On the outskirts of El Paso, Texas past Socorro, lies San Elizario, steeped in history dating back hundreds of years and one of the most haunted areas in the region.


Sitting just 20 miles east of downtown El Paso, the city is notoriously known for the 1877 Salt War of San Elizario. After a dispute over rights to the salt deposits just west of the Guadalupe Mountains, several men died included being chopped up and dumped in a well.

San Elizario is also the sight of the First Thanksgiving. In 1598, the Spanish explorer Don Juan de Oñate requested the friars traveling with them to say a Mass of Thanksgiving followed by claiming the land for the King of Spain.


For hundreds of years, San Elizario has been the backdrop for so much turmoil and death, and today the treasured little city is home to some of the most active paranormal sites in the region.
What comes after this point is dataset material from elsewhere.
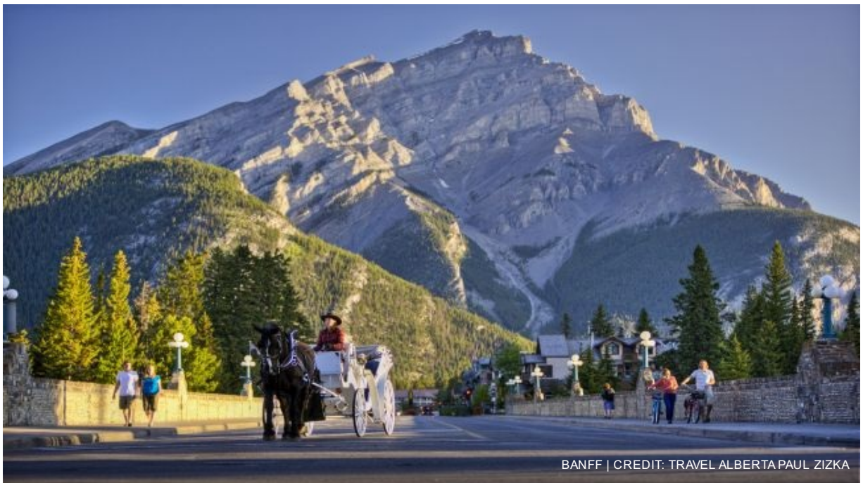
BANFF

From another shadow person to La Llorona roaming the area to haunted restaurants and homes, these and many other haunts are happening daily at San Elizario.

#1 - Pistoleros


When visiting San Eli, you might want to stop by Pistoleros near the plaza. Built in the late 1970s, the restaurant also doubles as a venue. It has a mini theatre that lends itself perfectly for dinner theater presentations.
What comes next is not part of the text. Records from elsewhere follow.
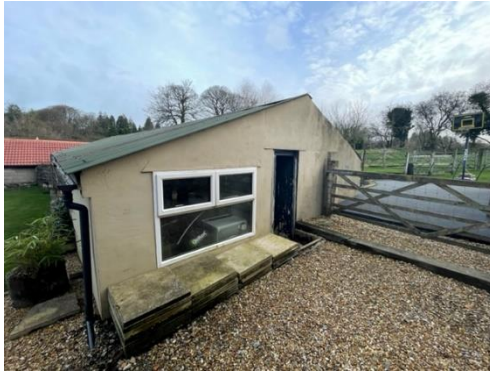
Plate 3: The Barn (Southern Aspect)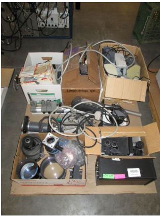
LOT 126 _____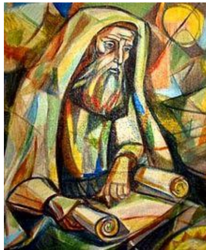
Jeremiah the prophet

And this passage from Jeremiah is extremely important because it is one of

Ghosts appear on and off at Pistoleros; they walk between people, they take the stage as footsteps and clothes are heard rustling along with sounds of applause when no one is around.
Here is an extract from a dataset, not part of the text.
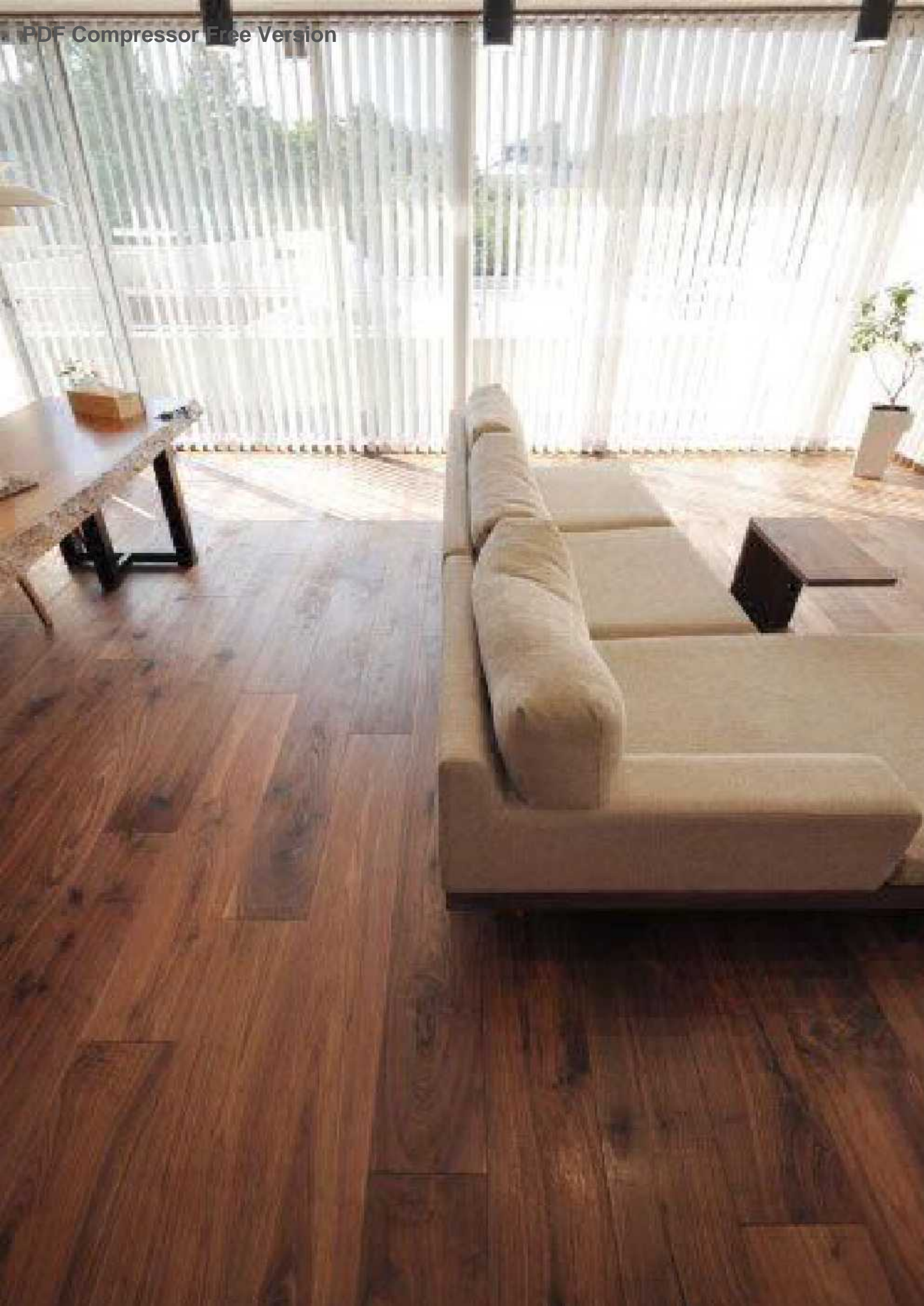
Jarraah Regal Classic

A few years back, during a ghost tour, the Paso del Norte Paranormal Society captured three consecutive photos of an attendee standing at the back of the theatre. In the last picture, a hand is visible near the lady's left shoulder and the expression of fright on her face.

#2 Los Portales Museum and Visitor Center


Los Portales used to be a school way back in the day, but now it's a public museum and probably one of the most haunted. Stories tell that a little girl appears now and then and once stepped out of the shadows, emerging to a group during a recent ghost hunt only to disappear back into the darkness leaving behind a cold spot and freaking out everyone present.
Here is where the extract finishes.